Measuring of a process capability is to know how well the process will meet specification and level of control necessity. Process capability expresses also the ability of the integration of machine, material, people, and methods to obtain a product that will regularly meet engineering specifications. The techniques used for the process capability analysis are histograms, probability plots, and control charts. Control charts and process capability are the effective process monitoring analysis methods (Sagawa & Yamada, 2013). Before analyzing the process capability, the process must be in statistical quality control condition. After the process stability (the process in state of statistical control) has been approved, normality tests must be applied on the process data. Histogram and probability plot are used to test the normality of the data. Process capability can be measured by capability indices. Process capability indices measures the ability of process to meet the required engineering specifications, the most common capability indices used in the manufacturing industries are CP, Cpk, Cpm, and Cpmk for

evaluating the process performance. Pearn and Lin (Pearn & Lin, 2004) studied the process capability indices such as Cp,

Cpk, and CPm. They concluded that, the process capability

index Cpm is better for customer protection. Hsin-Hung (WU, 2004)studied the relationship among loss function, process capability indices and control charts.

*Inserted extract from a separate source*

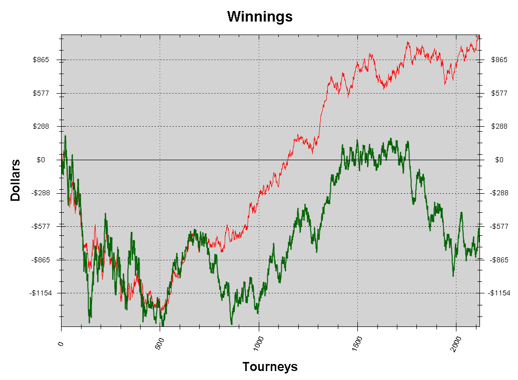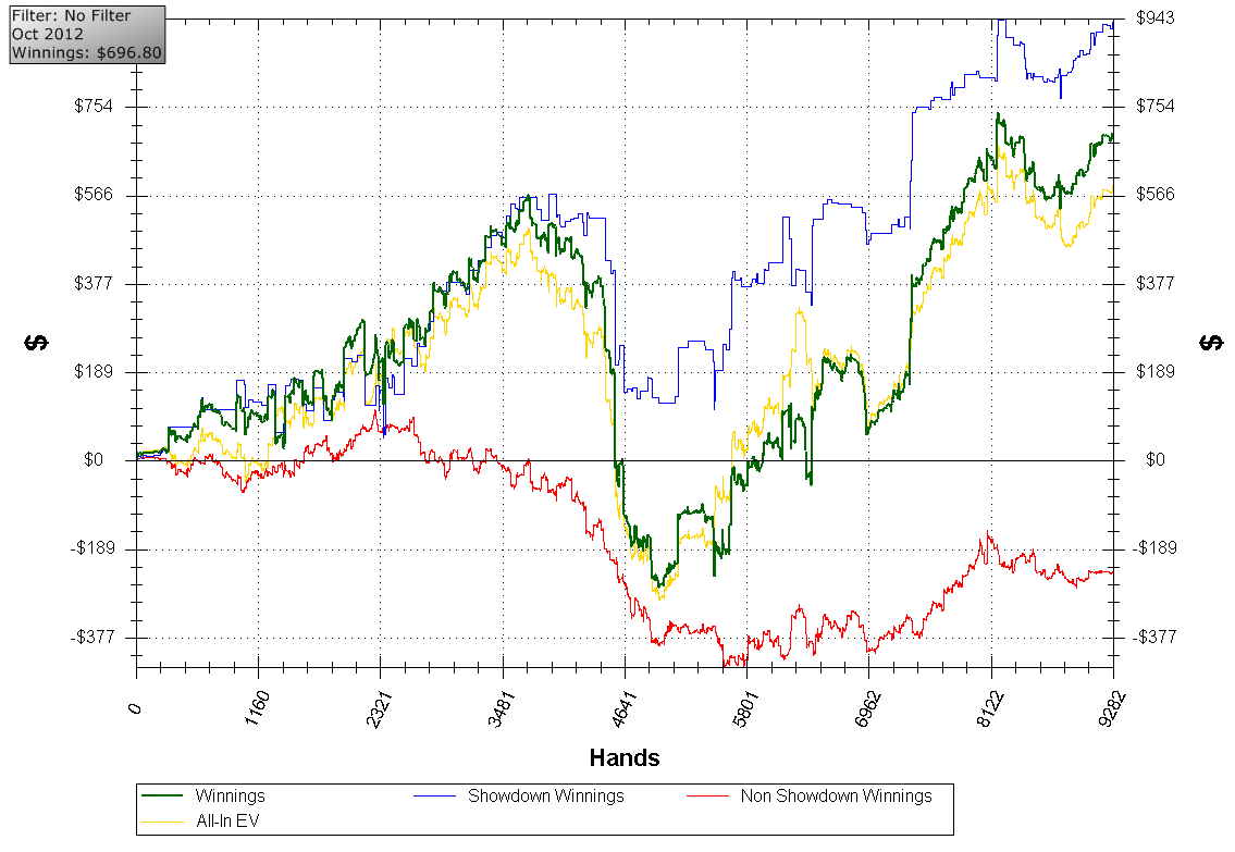 Как итог при своих,наиграл мелочь.Ну я доволен,начинаю месяц не с минуса как обычно. Главное выполнил цель по vpp на день,планировал набрать 1к vpp.Завтра начну играть попозже,так как на nl50 не хочу возиться,чтоб сразу сесть nl100.Если опять игры долго не будет,ну что же придётся добавлять гиперы по 60 в рабочий день. Жирнющий и сладкий рег,что он там бил на тёрне? Grabbed byHoldem Manager NL Holdem $1(BB) Replayer SB ($111) BB ($169) UTG ($135) UTG+1 ($124) UTG+2 ($169) MP1 ($210) MP2 ($102) CO ($89.06) Hero ($123) Dealt to Hero Q Q UTG raises to $3, fold, fold, fold, fold, fold, Hero calls $3, fold, fold FLOP ($7.50) K 5 9 UTG bets $5, Hero calls $5 TURN ($17.50) K 5 9 Q UTG bets $11, Hero raises to $27.50, UTG raises to $127 (AI), Hero calls $88.09 (AI) RIVER ($248) K 5 9 Q 5 Hero shows Q Q (Pre 18%, Flop 10.0%, Turn 95.5%) UTG shows A A (Pre 82%, Flop 90.0%, Turn 4.5%) Hero wins $245 Лузовая игра.Опп защищал девочку на танке,ну у а меня была девушка на парне,тоже пришлось защищать. Grabbed byHoldem Manager NL Holdem $0.50(BB) Replayer SB ($110) Hero ($50) UTG ($49.25) UTG+1 ($32) UTG+2 ($56.42) MP1 ($96.81) MP2 ($29.93) CO ($86.14) BTN ($36.05) Dealt to Hero Q J fold, fold, fold, fold, fold, fold, fold, SB raises to $1.25, Hero calls $0.75 FLOP ($2.50) K 6 5 SB bets $1.50, Hero calls $1.50 TURN ($5.50) K 6 5 K SB bets $3.50, Hero calls $3.50 RIVER ($12.50) K 6 5 K 9 SB bets $7, Hero calls $7 SB shows Q 2 (Pre 30%, Flop 21.5%, Turn 13.6%) Hero shows Q J (Pre 70%, Flop 78.5%, Turn 86.4%) Hero wins $25.31 Больше никакие руки выкладывать не хочется.Подведу итоги дня. Итог дня(7330 hands nl50/nl100 zoom): +18$ vpp: +1141 ![]() |

He stated that by applying the target cost philosophy the quality of products is improved. Rezaie et al (Rezaie, Ostadi, & Taghizadeh, 2006) showed how to use the process capability indices and predict the performance of the process. They stated that, the Cp value of 1.33 is the most commonly acceptable, and Cpk greater than 1.33 means the process is capable. Ghasemi and Zahediasl (Ghasemi & Zahediasl, 2012) presented the procedures for checking normality of data in statistical analysis.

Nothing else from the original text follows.